Omg, that's a beast. Now all you need is a bigger cutting board .


----------



## bishamon (Mar 26, 2011)

@echerub - I'll need to loan it out to a local fishmonger then, or have someone buy me a 400lb tuna. I guess I could use it on swordfish or marlin, but my buddies haven't gone to Mexico in years. Maybe Jon Broida knows someone around here in the biz that would like to try it out, lol?


----------



## mainaman (Mar 26, 2011)

Now you can easily fillet a whale :thumbsup:


----------



## riverie (Mar 26, 2011)

That monster makes your 210mm mioroshi look like a petty knife btw....


----------



## bishamon (Mar 26, 2011)

mainaman said:


> Now you can easily fillet a whale :thumbsup:


 
Well, I have an actual japanese whale knife, but it's a little shorter than this. Those 'kujira' knives are my (emotionally) favorite knives, and now I need another one so that my biggest knife is still for whales, haha. I also saw a number of different whale knives in Japan, but since whale consumption is down they are more like display pieces so people don't really make them anymore 

Btw I had whale 6 ways while I was in Japan, and I actually liked it a lot.


----------



## bishamon (Mar 26, 2011)

riverie said:


> That monster makes your 210mm mioroshi look like a petty knife btw....

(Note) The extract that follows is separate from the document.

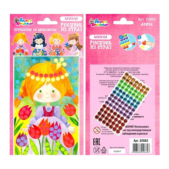 Набор для творчества. Рисунок из страз "Принцессы 10 королевства "Анюта" (мини 3х30 шт)

Indeed. BTW, it seems like pros in Japan used bigger knives on average than people here. Like a 240 deba was pretty standard, as were 330 yanagis. The 210 mioroshi and 240 gyutos seem almost too small now.


----------



## Chef Niloc (Mar 26, 2011)

I need me one of those


----------



## bishamon (Mar 26, 2011)

It seriously seems like a pretty good design for big stuff. I have never seen them larger than 330mm before, and this one was a special order they said. The price for some of their bigger stuff was really good, too. Tuna knives and this were all less than 4 figures. Can't hardly get a normal 300mm deba for that.


----------



## UglyJoe (Mar 27, 2011)

WHAT... THE... ****...

That is the craziest, coolest, biggest thing I have ever seen. And I thought Salty's Rader was a beast...


----------



## steeley (Mar 27, 2011)

Now that's a knife:tongue4:


----------



## mattrud (Mar 27, 2011)

That is ridiculous! what a sick knife. Nice Score!


----------



## Eamon Burke (Mar 27, 2011)

WOW!

That's a conversation piece!


----------



## Chef Niloc (Mar 27, 2011)

UglyJoe said:


> WHAT... THE... ****...
> 
> That is the craziest, coolest, biggest thing I have ever seen. And I thought Salty's Rader was a beast...



I'm sorry:lol2::cool2::rolleyes2:


----------



## JohnnyChance (Mar 27, 2011)

You could split firewood with that thing.

Don't you also have a 270mm(?) deba that you like to "choke up" on when using it for smaller cuts/product?


----------



## bishamon (Mar 27, 2011)

^Ya, but that wouldn't work on this thing. Having over a dozen deba now, I'll say that you might want a 120mm for tiny fish, and then nothing smaller than a 210 after that. 225-240 is the best size if you had to just have one IMO.


----------



## aaronsgibson (Mar 27, 2011)

Alright I have to ask how in the hell did you get that thing through customs. lol


----------



## bishamon (Mar 27, 2011)

They shipped it from the store.


----------



## Rottman (Mar 27, 2011)

bishamon said:


> They shipped it from the store.


 
This takes all the fun out of it....


----------



## bishamon (Mar 27, 2011)

I didn't have a suitcase long enough.


----------



## Gator (Mar 27, 2011)

Nice find  Nathan, when it arrives, or if it did already, can I have a solo pic and specs to add to Japanese knives database? It's not a typical piece I understand, but I think it deserves to be there.


----------



## aaronsgibson (Mar 27, 2011)

Let us know how it is to use that thing.


----------



## BertMor (Mar 28, 2011)

I think you need to go after KC with that bad boy. I want to see him try and 'test" the sharpness on his arm with that thing. He will soon be known as Lefty!!!!!:chefcut::moonwalk:


----------